WHAT YOU SHOULD DO. Leave the pictures out and restate every line below exactly.

GIVEN DATA.
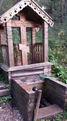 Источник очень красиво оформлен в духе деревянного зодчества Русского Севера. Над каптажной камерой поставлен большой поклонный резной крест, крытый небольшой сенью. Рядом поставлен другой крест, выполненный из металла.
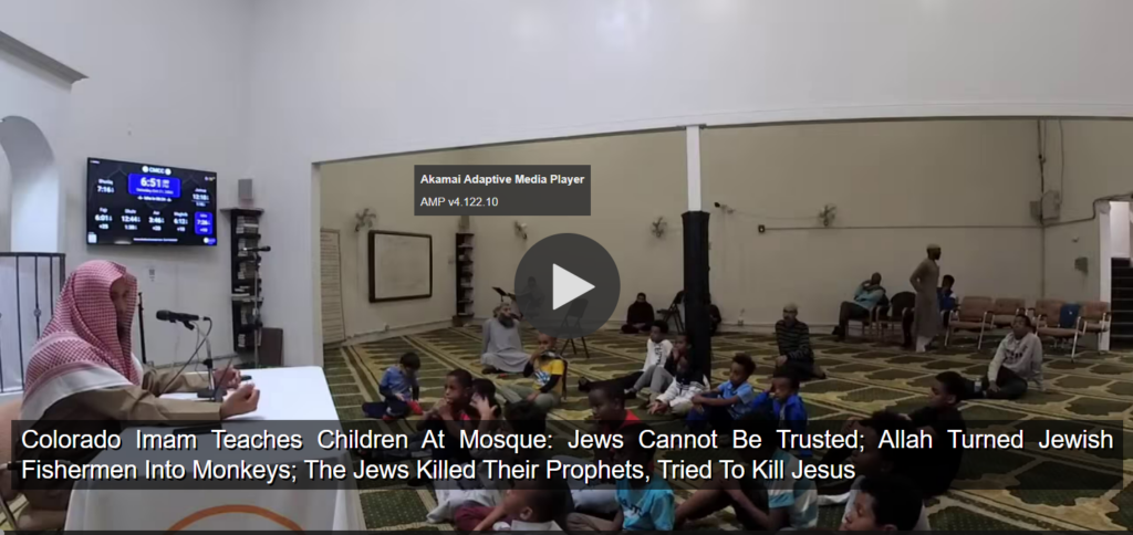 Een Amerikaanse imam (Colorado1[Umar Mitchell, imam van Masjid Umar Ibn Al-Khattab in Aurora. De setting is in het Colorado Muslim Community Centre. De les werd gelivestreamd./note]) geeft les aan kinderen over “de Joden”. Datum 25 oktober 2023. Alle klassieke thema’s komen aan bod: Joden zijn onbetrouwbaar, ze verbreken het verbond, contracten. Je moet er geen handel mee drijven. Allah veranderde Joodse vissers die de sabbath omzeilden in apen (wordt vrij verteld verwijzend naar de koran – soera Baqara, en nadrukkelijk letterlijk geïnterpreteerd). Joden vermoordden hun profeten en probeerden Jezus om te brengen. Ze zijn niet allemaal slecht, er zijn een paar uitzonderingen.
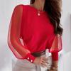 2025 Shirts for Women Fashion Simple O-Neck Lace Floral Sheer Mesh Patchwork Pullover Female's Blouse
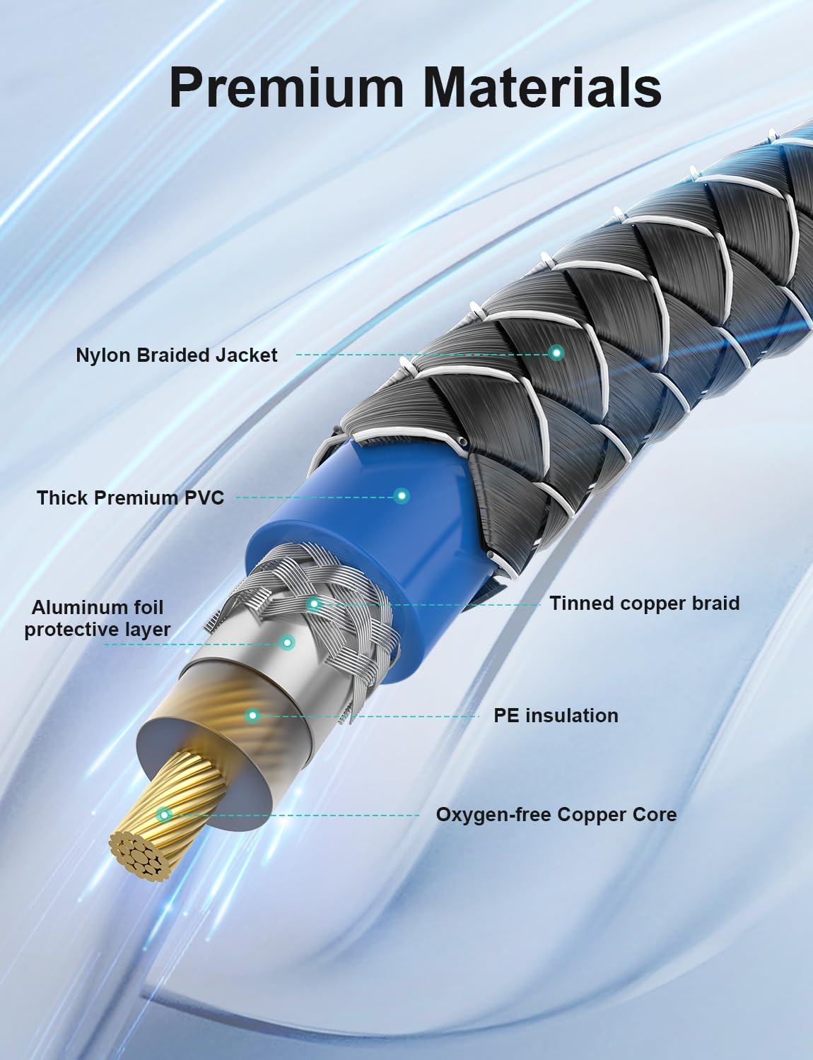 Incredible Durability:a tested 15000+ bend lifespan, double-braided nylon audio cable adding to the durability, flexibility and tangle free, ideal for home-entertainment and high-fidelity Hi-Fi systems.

RESPONSE AREA.
 Источник очень красиво оформлен в духе деревянного зодчества Русского Севера. Над каптажной камерой поставлен большой поклонный резной крест, крытый небольшой сенью. Рядом поставлен другой крест, выполненный из металла.
 Een Amerikaanse imam (Colorado1[Umar Mitchell, imam van Masjid Umar Ibn Al-Khattab in Aurora. De setting is in het Colorado Muslim Community Centre. De les werd gelivestreamd./note]) geeft les aan kinderen over “de Joden”. Datum 25 oktober 2023. Alle klassieke thema’s komen aan bod: Joden zijn onbetrouwbaar, ze verbreken het verbond, contracten. Je moet er geen handel mee drijven. Allah veranderde Joodse vissers die de sabbath omzeilden in apen (wordt vrij verteld verwijzend naar de koran – soera Baqara, en nadrukkelijk letterlijk geïnterpreteerd). Joden vermoordden hun profeten en probeerden Jezus om te brengen. Ze zijn niet allemaal slecht, er zijn een paar uitzonderingen.
 2025 Shirts for Women Fashion Simple O-Neck Lace Floral Sheer Mesh Patchwork Pullover Female's Blouse
 Incredible Durability:a tested 15000+ bend lifespan, double-braided nylon audio cable adding to the durability, flexibility and tangle free, ideal for home-entertainment and high-fidelity Hi-Fi systems.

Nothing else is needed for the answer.